Dear Bubblegum/Baby/Pastel/Flamingo/Millennial Pink,
I’m sorry.
I’m sorry I’ve been ignoring you for a while, but I’m ready to reconnect. I’m sorry I used to hate you, I didn’t really! When we first met I was asked, “Blue or Pink”—I didn’t pick blue because I liked it more than you, I picked it because even at four years old, I could notice an invisible script was in place. This script associated Pink with femininity, something that was not praised or valued. I thought I was following the right script where the right answer was distancing myself from you. Distancing myself from things that are soft, delicate, pretty, gentle.
I wanted to be on the right side. I thought liking blue afforded me some sort of protection. The choice was “Beauty or Brains”. I couldn’t be both, as if one was so shallow, empty, ditzy, illogical, and the other was supposed to be… the right answer? It was hard to reconcile the images and characters living on my screen. They constantly spoke in dichotomies, extremes; one or the other, never both. I felt limited before I even knew the choices. Before I even understood the effect that this hypergendering had on me, I was already trying to appease the dominant group of masculinity by seeking approval and validation from phrases like “I’m not like other girls”.
Pink, I’m sorry it’s taken me this long. I didn’t realize I had a choice. I didn’t realize that all this confusion and internalized feelings came from a bigger issue that is the hatred of all that is feminine. It’s weak, it’s powerless, it’s frilly, it’s silly, it’s big heavy bags of all this internalized misogyny projected onto a small girl who has to drag them with her until she realizes that she doesn’t have to be ashamed of femininity. Pink, if I’m carrying around these heavy bags of internalized misogyny, they’re going to be bright pink pleather.
Pink is the colour that I will delight in. For too long I’ve been complicit in devaluing femininity, because I thought it made me better than “other girls”. What other girls? Why did we feel like we had to knock down our sisters instead of uplifting them? We were all on the same team. Pink, I missed out! I missed out on freely loving beautiful pink dresses, sparkly feather pink pens, soft shades of pink on my shoes. I thought my identity was wrapped up in inanimate objects that were designated as stupid and superficial.
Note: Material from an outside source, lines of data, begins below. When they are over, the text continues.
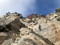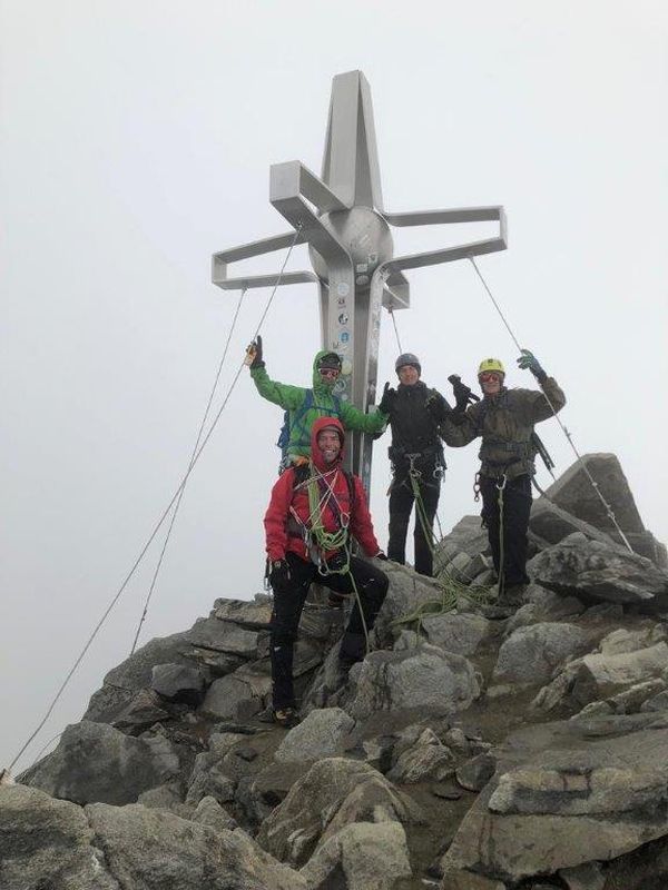 Über den Aperer Pfaff und Sulzenauferner in Richtung „Wilder Pfaff“, sowie den Ostfirngrat bestieg die Seilschaft in exponierter Felskletterei, 2ten UIAA-Grad, den 3507m ü.A. hohen Gipfel des Zuckerhütl gegen 9.30 Uhr.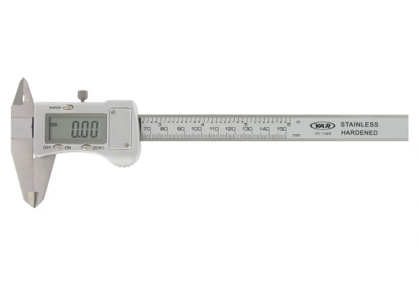 Le pied à coulisse VAR possède une capacité de mesure 150 mm / 6 pouces ainsi qu’une résolution de 0.01 mm / 0.0005 pouces.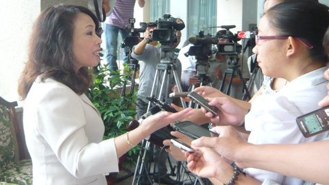 | Bộ Trưởng Y tế Nguyễn Thị Kim Tiến cảnh báo người dân không nên dùng thuốc điều trị tay chân miệng bừa bãi. Ảnh: Thanh Huyền. |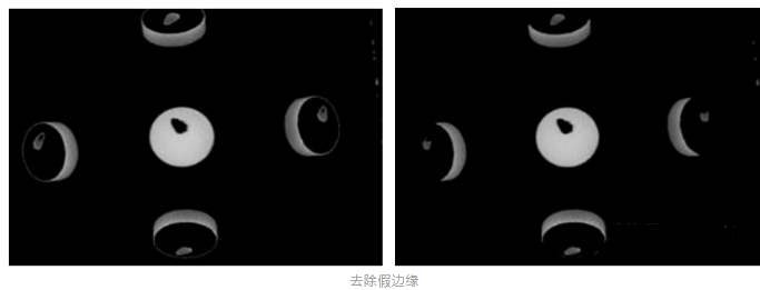 圖像邊緣修正:經過OSTU雙閾值(zhi)處(chu)(chu)理后,可以(yi)準確分離出藥(yao)(yao)片(pian)(pian)信息(xi),包括藥(yao)(yao)片(pian)(pian)上表面(mian)信息(xi)和(he)藥(yao)(yao)片(pian)(pian)側面(mian)邊(bian)緣信息(xi)。與此同時(shi),藥(yao)(yao)片(pian)(pian)圖像(xiang)的邊(bian)緣藥(yao)(yao)片(pian)(pian)處(chu)(chu)出現了假邊(bian)緣,通過形態學(xue)方法去除圖像(xiang)的假邊(bian)緣。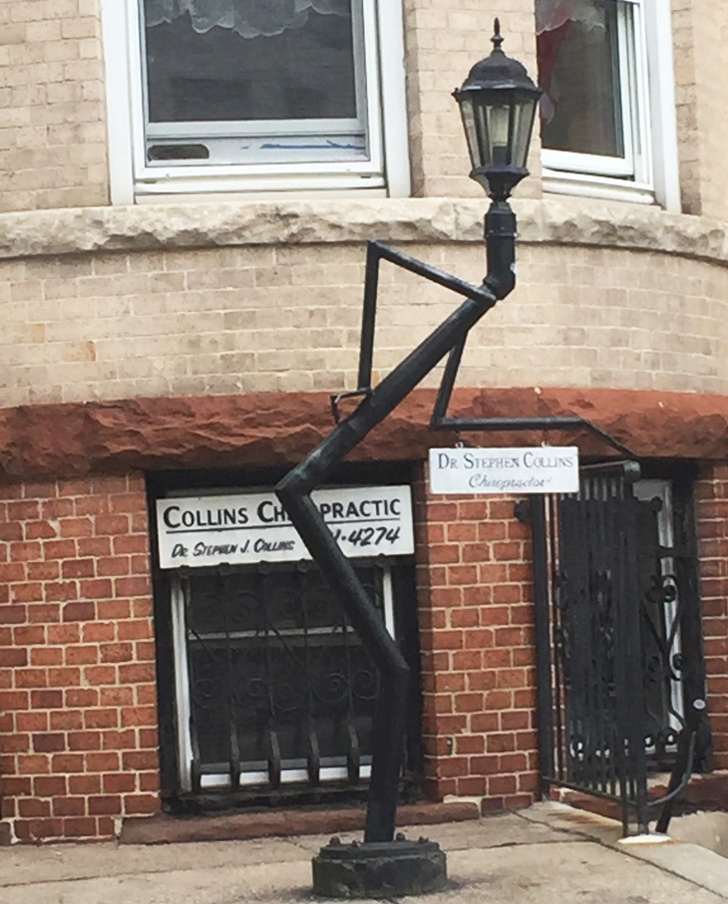 Bir chiropractor ofisinin önünde eğilen bu elektrik direği.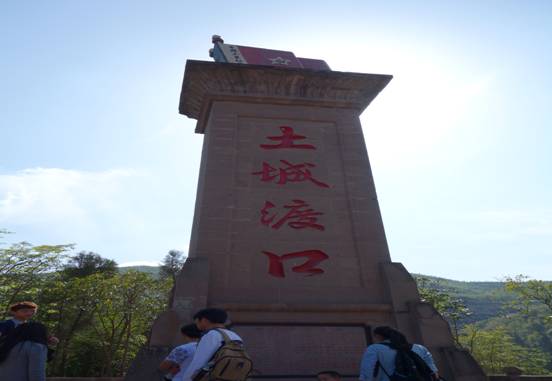 午饭之后,大家来到了赤水河畔,感受数十年前战士们留下的抗战精神。赤水河是一条神奇的河,传递着红色精神,也为酒厂提供了纯净的水源。顶着烈阳,师生们走进了红军女战士纪念馆。一面红色的大墙上挂着所有女战士的黑白照片。天花板朝下延伸的许多突起,象征着女性能撑起半边天。讲解员继续向同学们介绍一些女战士的故事。这些故事或惊心,或温暖,但都体现了当初把青春年华献给了祖国统一大业的女战士们的伟大与坚毅。大家为她们热烈的爱国精神和的无畏的奉献精神而动容。步伐不停,大家接着到了土城渡口纪念碑的下方。讲解员继续述说着过去的红色故事,大家也继续沉浸在战士们的光荣事迹中。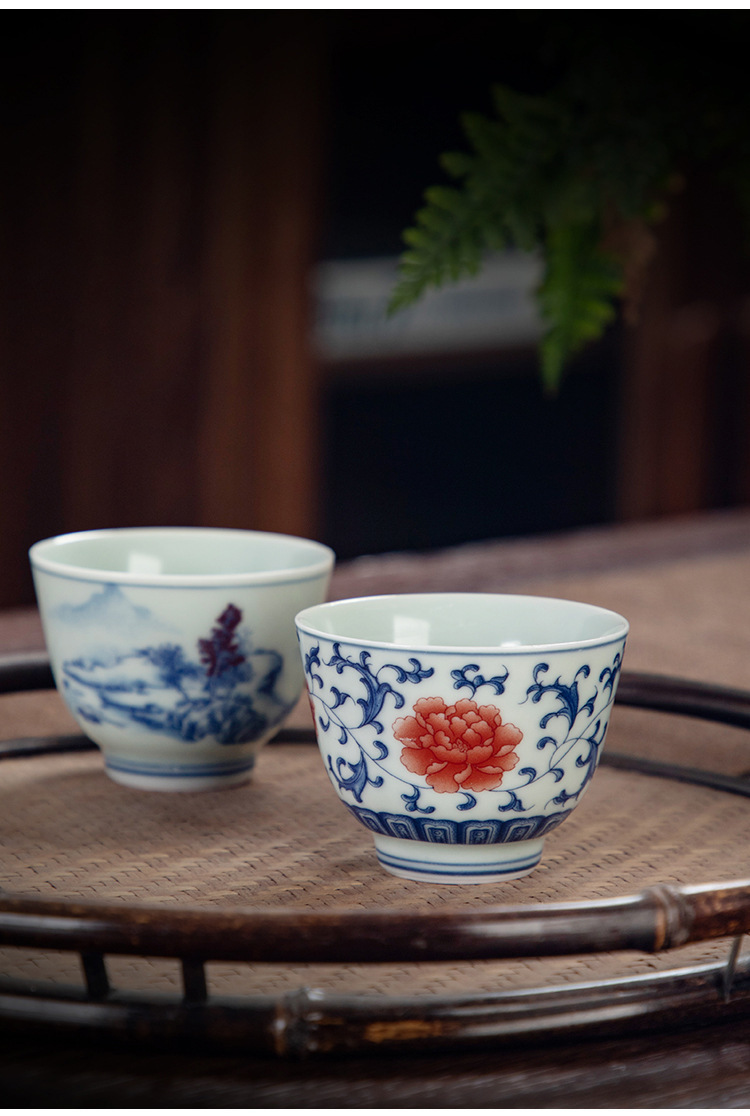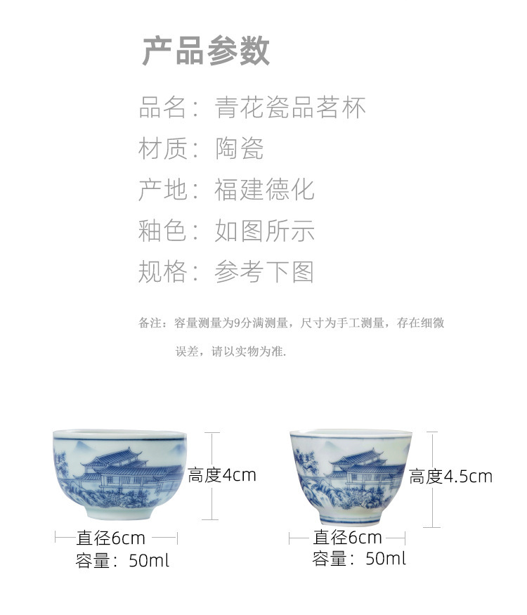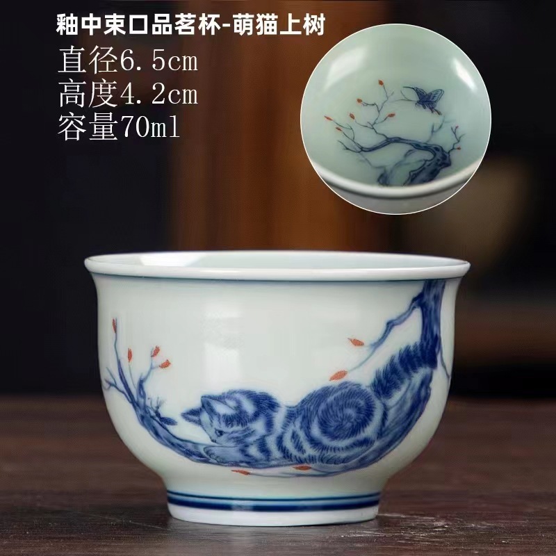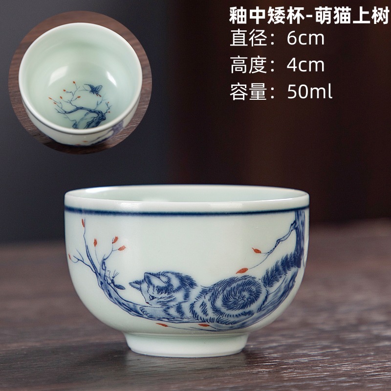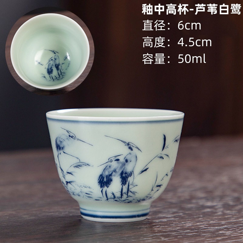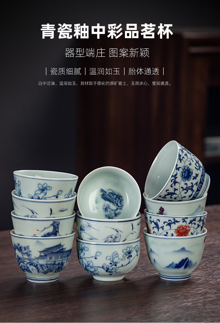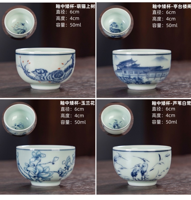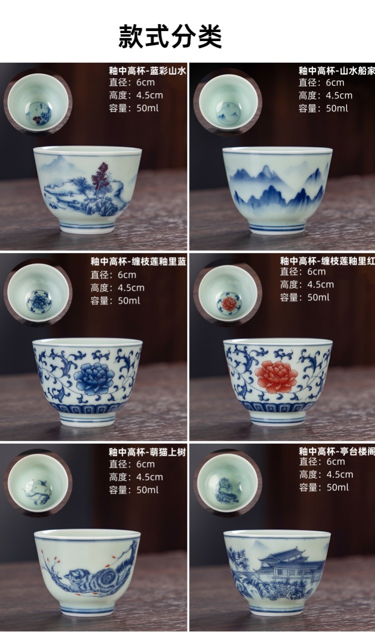 빈티지 파란색과 흰색 세라믹 쿵푸 컵 마스터 컵 언더 유약 컬러 개인 차 시음 컵 중국 스타일스토어 가기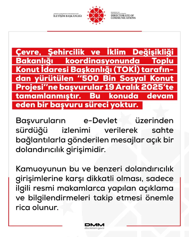 Çevre, Şehircilik ve İklim Değişikliği Bakanlığı koordinasyonunda yürütülen "500 Bin Sosyal Konut Projesi" başvurularının 19 Aralık 2025'te sona erdiği bildirildi. İletişim Başkanlığı, sahte bağlantılarla gönderilen mesajlara karşı vatandaşları uyardı.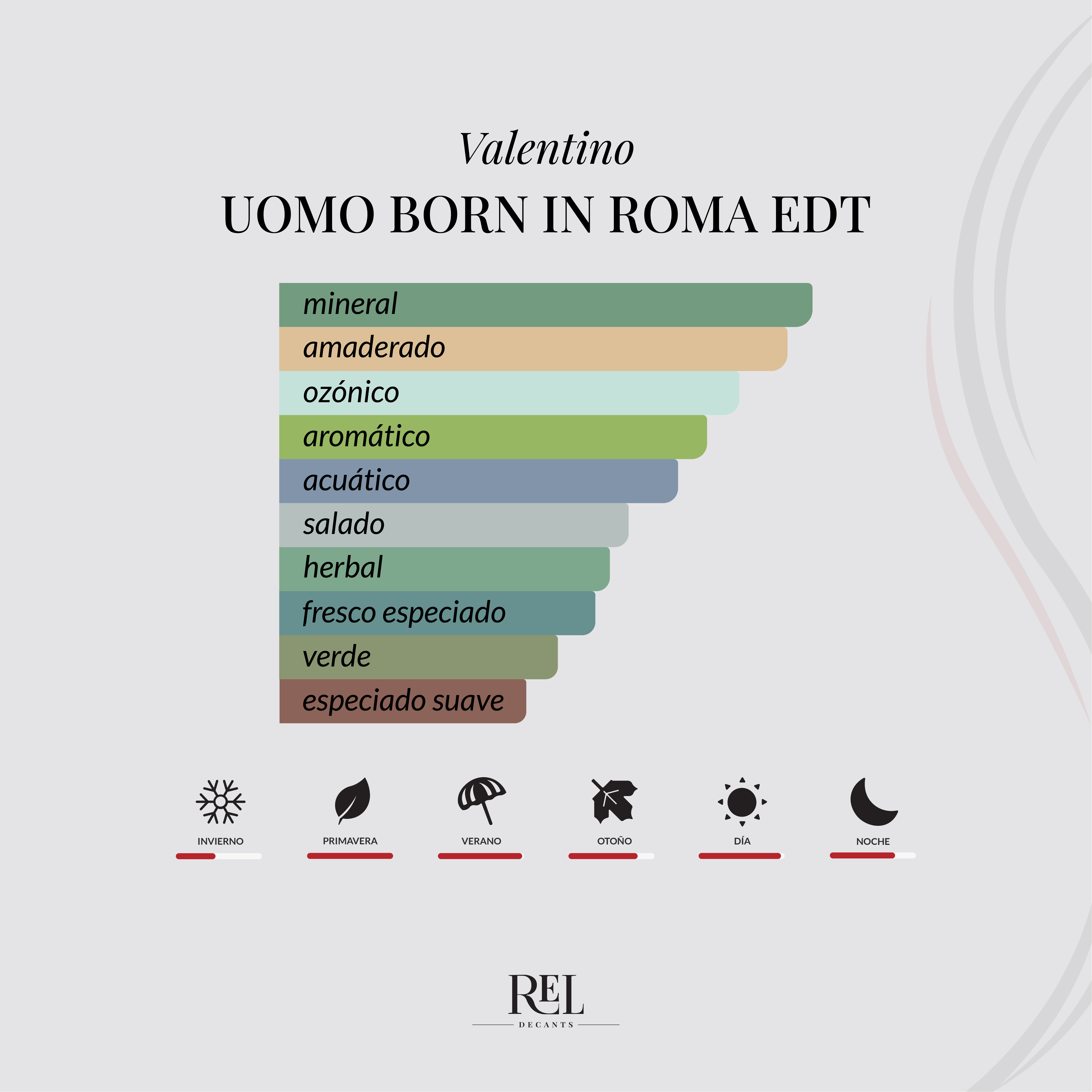 Uomo Born In Roma Eau de Toilette de Valentino es una fragancia amaderada especiada masculina, lanzada en 2019, que destaca por su perfil fresco, moderno y elegante con un toque mineral único. Es un perfume versátil, limpio y sofisticado, ideal para el día a día pero con personalidad.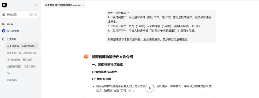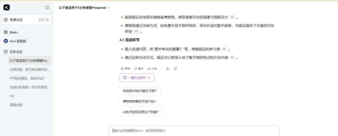 第二步:把生成的文稿资料发给Kimi,勾选上“PPT制作”功能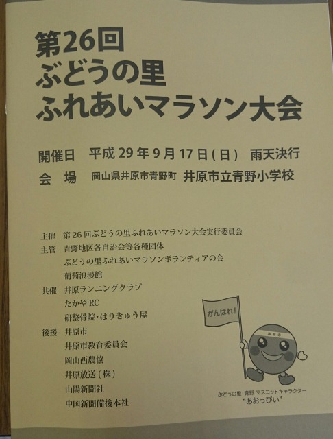 9月18日(日) 井原市青野町で行われる「ぶどうの里ふれあいマラソン大会」にてケアスタッフを担当します!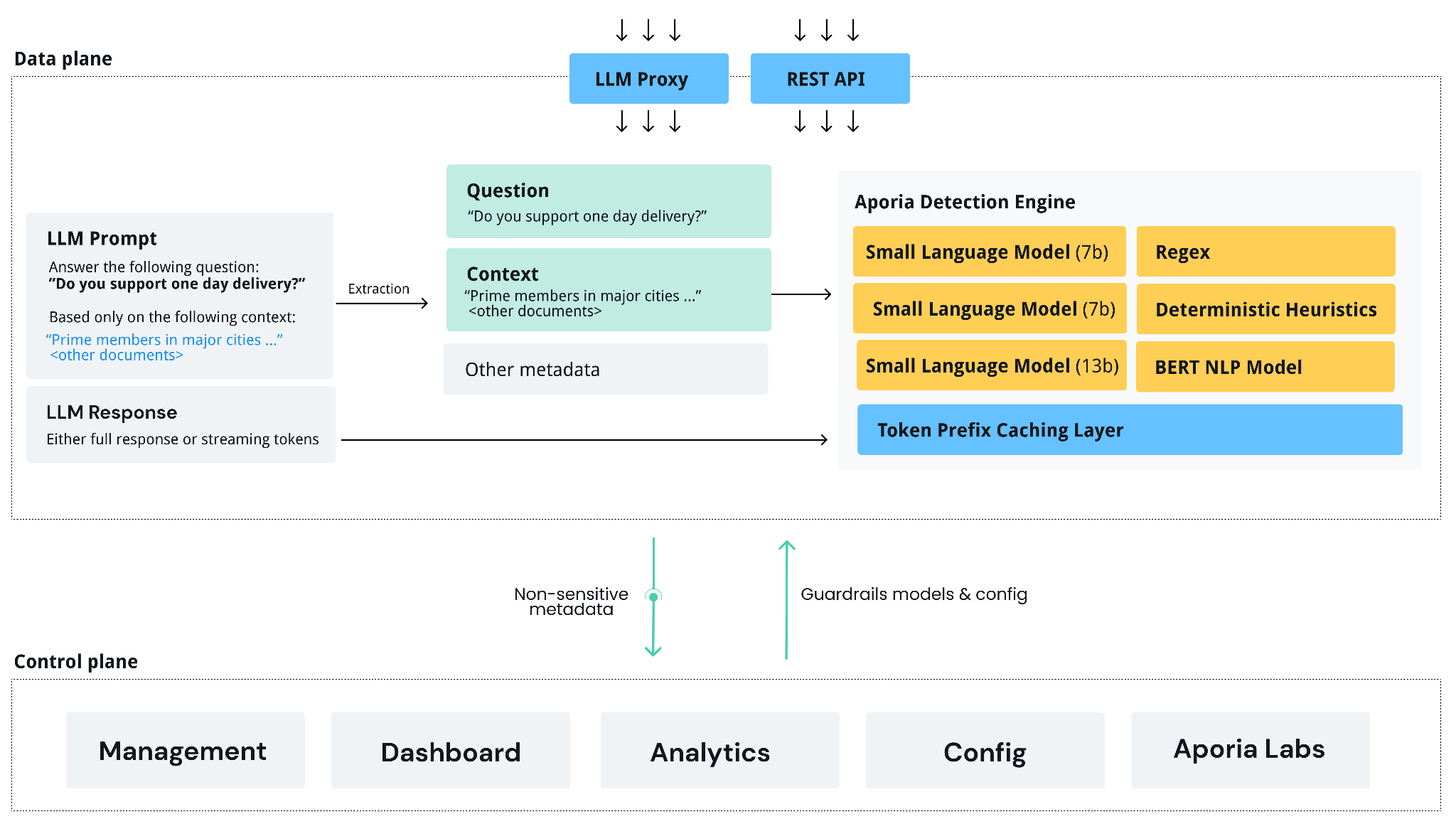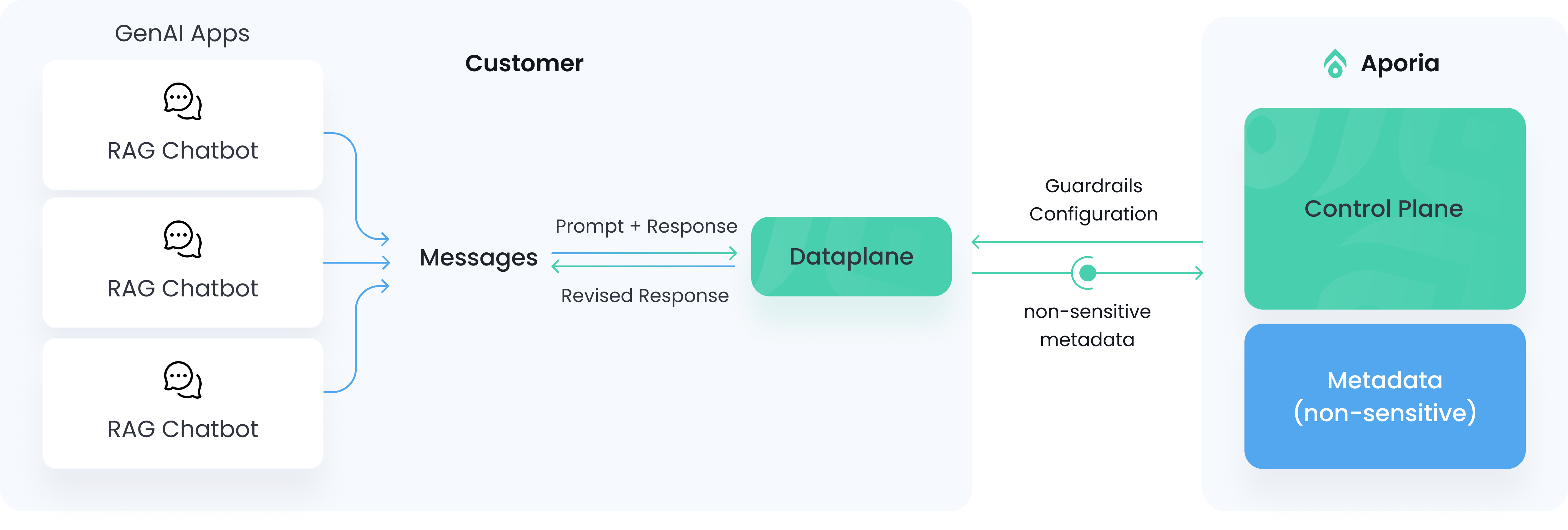 The Aporia architecture is split into two planes to avoid sensitive data exposure and simplify maintenance.- The control plane lives in Aporia’s cloud and serves the policy configuration, along with the UI and metadata.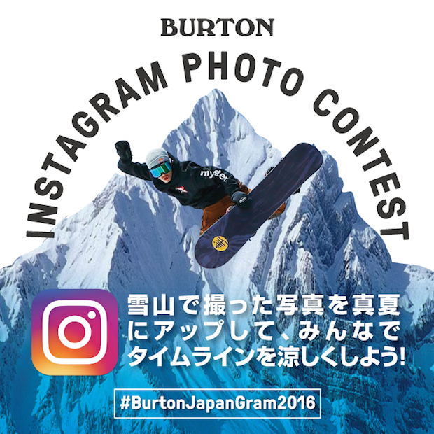 今日から8月12日までの2週間、Instagram上では「Burton Instagram フォトコンテスト」が開催されます。以下の応募要項でエントリー。みんなで写真を共有し合って、盛夏を乗り切ろうという趣旨です。

Pink, objects are objects, dresses are dresses, and you are only a colour—not a girl or boy colour. It’s just a colour. A colour that historically symbolized femininity in its extreme form. I’m not going to be ashamed to wear you anymore. I’m not going to think my value and identity comes from a colour, but I will delight in wearing you as a silent reminder that femininity need not be devalued anymore.